# Help!! Feeling awful!?



## toddsgal (Aug 16, 2013)

I need advice!! I had P/T Aug. 12 and then was told 4 weeks ago when my pathology report came back that it's cancer! 
Papillary and Follicular, I have to wait (why, I don't understand) till early December for my next surgery to remove the rest of my thyroid and check the lymph nodes!!
Here's my current problem....Im tired, all the time???!! I've gained 6 pounds in the 4 weeks and I'm going to Weight Watchers!! I was at my goal and now I'm back up?!? What is going on!!?
I saw my doctor and they don't want to do blood work....I'm told to wait till the surgery!!? They won't know what course of treatment will be done till after my surgery, therefore it's best to wait? If they have to do RAI he said its better to not be on med's yet!!?
I'm so frustrated!! I had a horrible bout of hives on Sunday!? On my face, behind my ears, on my neck (on the incision), my back, abdomen and arms
The doctor said it could be stress related?! What else can happen?!? I feel so depressed
Has anyone else experienced this!?! Is it just stress ?!
What an experience this has been so far....I'm tired of being tired!!!
Sue (toddsgal)


----------



## joplin1975 (Jul 21, 2011)

I don't mean to be blunt, but I really, really don't like your doctor's approach here. I didn't start on meds after surgery because I was doing RAI (side note: my personal feeling is that if you have follicular variant, you should really consider RAI), but the between surgery and RAI was about 4-5 weeks. Not MONTHS.

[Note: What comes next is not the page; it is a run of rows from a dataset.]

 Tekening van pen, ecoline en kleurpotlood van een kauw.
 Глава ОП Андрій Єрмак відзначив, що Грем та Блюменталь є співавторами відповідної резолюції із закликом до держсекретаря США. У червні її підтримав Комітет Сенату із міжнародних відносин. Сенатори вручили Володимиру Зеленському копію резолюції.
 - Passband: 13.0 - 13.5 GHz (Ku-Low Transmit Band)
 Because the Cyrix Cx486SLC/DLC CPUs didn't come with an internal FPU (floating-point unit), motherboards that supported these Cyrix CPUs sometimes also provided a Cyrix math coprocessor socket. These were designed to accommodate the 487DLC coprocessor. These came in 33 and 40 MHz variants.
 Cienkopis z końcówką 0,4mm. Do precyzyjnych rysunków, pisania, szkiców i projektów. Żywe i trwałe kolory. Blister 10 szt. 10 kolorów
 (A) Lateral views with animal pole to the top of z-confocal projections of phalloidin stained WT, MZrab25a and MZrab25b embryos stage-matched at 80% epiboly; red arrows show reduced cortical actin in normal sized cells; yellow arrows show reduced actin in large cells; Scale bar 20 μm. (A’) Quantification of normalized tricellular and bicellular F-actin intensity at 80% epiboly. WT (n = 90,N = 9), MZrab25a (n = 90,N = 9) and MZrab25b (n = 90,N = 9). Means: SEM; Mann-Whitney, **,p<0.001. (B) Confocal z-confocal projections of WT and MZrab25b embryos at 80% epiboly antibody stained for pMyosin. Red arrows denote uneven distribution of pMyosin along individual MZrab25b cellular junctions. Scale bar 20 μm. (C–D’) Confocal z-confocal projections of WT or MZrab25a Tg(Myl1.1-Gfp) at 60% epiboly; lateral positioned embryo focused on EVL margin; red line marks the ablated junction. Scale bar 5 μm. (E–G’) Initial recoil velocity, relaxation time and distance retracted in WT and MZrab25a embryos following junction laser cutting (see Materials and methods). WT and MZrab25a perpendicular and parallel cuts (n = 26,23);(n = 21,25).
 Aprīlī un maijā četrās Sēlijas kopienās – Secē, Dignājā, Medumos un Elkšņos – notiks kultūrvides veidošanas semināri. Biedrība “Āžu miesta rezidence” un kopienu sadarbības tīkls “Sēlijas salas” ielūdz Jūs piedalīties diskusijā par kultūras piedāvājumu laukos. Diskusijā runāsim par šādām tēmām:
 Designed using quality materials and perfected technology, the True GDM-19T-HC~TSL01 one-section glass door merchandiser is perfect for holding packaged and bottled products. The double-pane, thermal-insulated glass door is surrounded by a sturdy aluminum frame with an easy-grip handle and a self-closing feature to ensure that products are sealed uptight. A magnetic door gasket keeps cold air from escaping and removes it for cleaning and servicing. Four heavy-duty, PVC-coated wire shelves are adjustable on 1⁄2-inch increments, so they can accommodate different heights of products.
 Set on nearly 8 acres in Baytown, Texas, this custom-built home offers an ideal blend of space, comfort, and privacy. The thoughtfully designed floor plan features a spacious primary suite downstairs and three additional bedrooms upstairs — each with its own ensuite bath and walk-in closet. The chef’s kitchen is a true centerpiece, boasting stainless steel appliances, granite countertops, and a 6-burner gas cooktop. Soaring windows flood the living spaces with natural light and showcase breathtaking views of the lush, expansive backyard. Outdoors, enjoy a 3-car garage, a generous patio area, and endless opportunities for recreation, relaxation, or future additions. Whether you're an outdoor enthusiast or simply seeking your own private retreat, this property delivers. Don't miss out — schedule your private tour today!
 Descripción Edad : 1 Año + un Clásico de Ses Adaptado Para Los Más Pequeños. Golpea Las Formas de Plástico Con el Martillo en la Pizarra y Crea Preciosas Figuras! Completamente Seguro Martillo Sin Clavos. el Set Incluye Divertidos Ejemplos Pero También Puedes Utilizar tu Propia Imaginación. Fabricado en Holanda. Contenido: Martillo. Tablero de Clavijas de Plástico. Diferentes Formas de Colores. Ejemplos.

It seems to me that you are hypo (I had all kinds of weird skin issues when I was hypo) and to not give you meds AND makes you wait until December is absolute rubbish. Moreover, to refuse blood work is outrageous.

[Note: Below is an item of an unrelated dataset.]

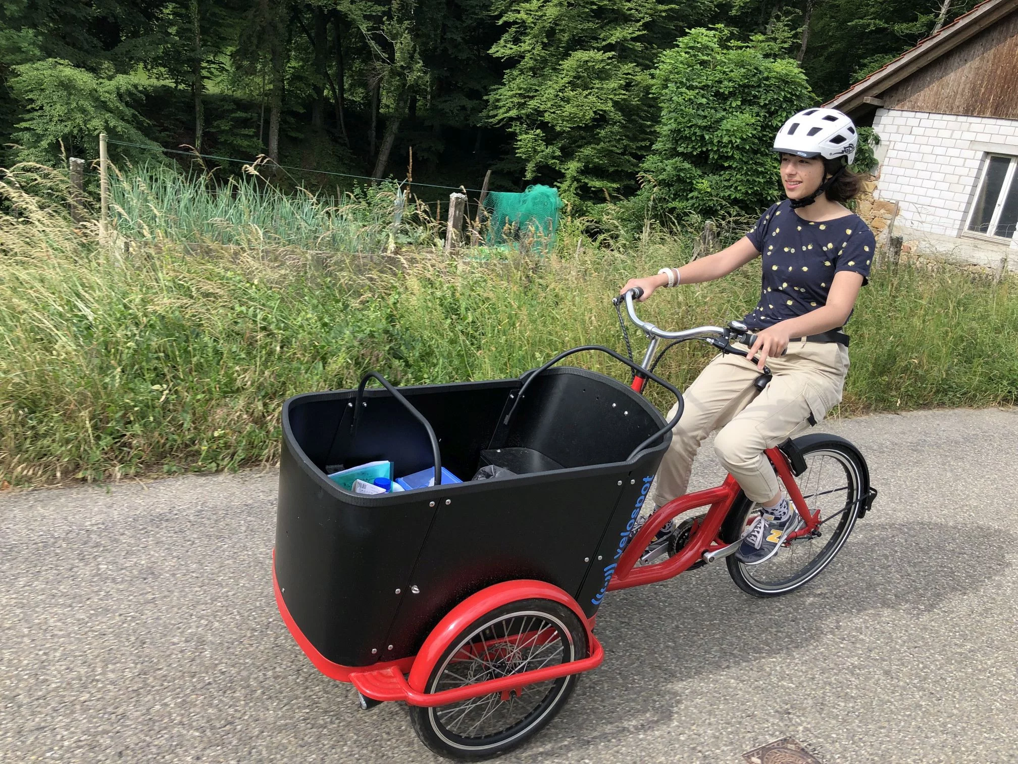Da die Kalkbildung abhängig von pH, Temperatur und der Wasserhärte ist, hat Paula alle diese Parameter gemessen und ausgewertet. Dazu hat sie Messungen vor Ort und im Labor durchgeführt, wofür die Proben und Messmaterial in einem Cargobike auf der Strecke vom Mühlebach in Böttstein bis zum Lehrlabor am PSI transportiert wurden.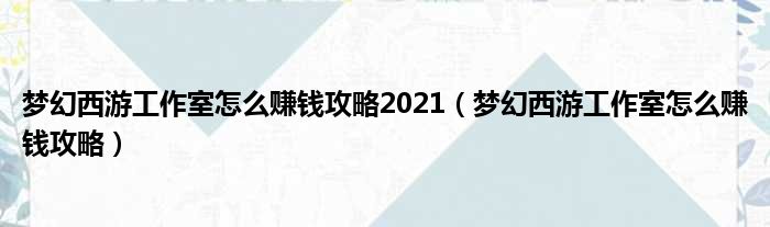 梦幻西游工作室怎么赚钱攻略2021(梦幻西游工作室怎么赚钱攻略)

I can appreciate the difficulty in changing horses mid-stream, but can you get a second opinion?


----------



## Octavia (Aug 1, 2011)

I agree with everything joplin just said.

This approach seems very wrong to me.

If you start on meds now, you can stop them when you have your second surgery, and you can have your RAI treatment within 3 weeks after that.


----------



## Swimmer (Sep 12, 2013)

How are you feeling now? Thinking of you. Hang in there -- lifting you up in prayer.


----------



## Andros (Aug 26, 2009)

toddsgal said:


> I need advice!! I had P/T Aug. 12 and then was told 4 weeks ago when my pathology report came back that it's cancer!
> Papillary and Follicular, I have to wait (why, I don't understand) till early December for my next surgery to remove the rest of my thyroid and check the lymph nodes!!
> Here's my current problem....Im tired, all the time???!! I've gained 6 pounds in the 4 weeks and I'm going to Weight Watchers!! I was at my goal and now I'm back up?!? What is going on!!?
> I saw my doctor and they don't want to do blood work....I'm told to wait till the surgery!!? They won't know what course of treatment will be done till after my surgery, therefore it's best to wait? If they have to do RAI he said its better to not be on med's yet!!?
> ...


That is really really not fair. Get on the big horn about this. Actually you do need thyroxine replacement to get through that surgery. The body calls upon the conversion of T4 to T3 (FREE T3, your active hormone) for good health.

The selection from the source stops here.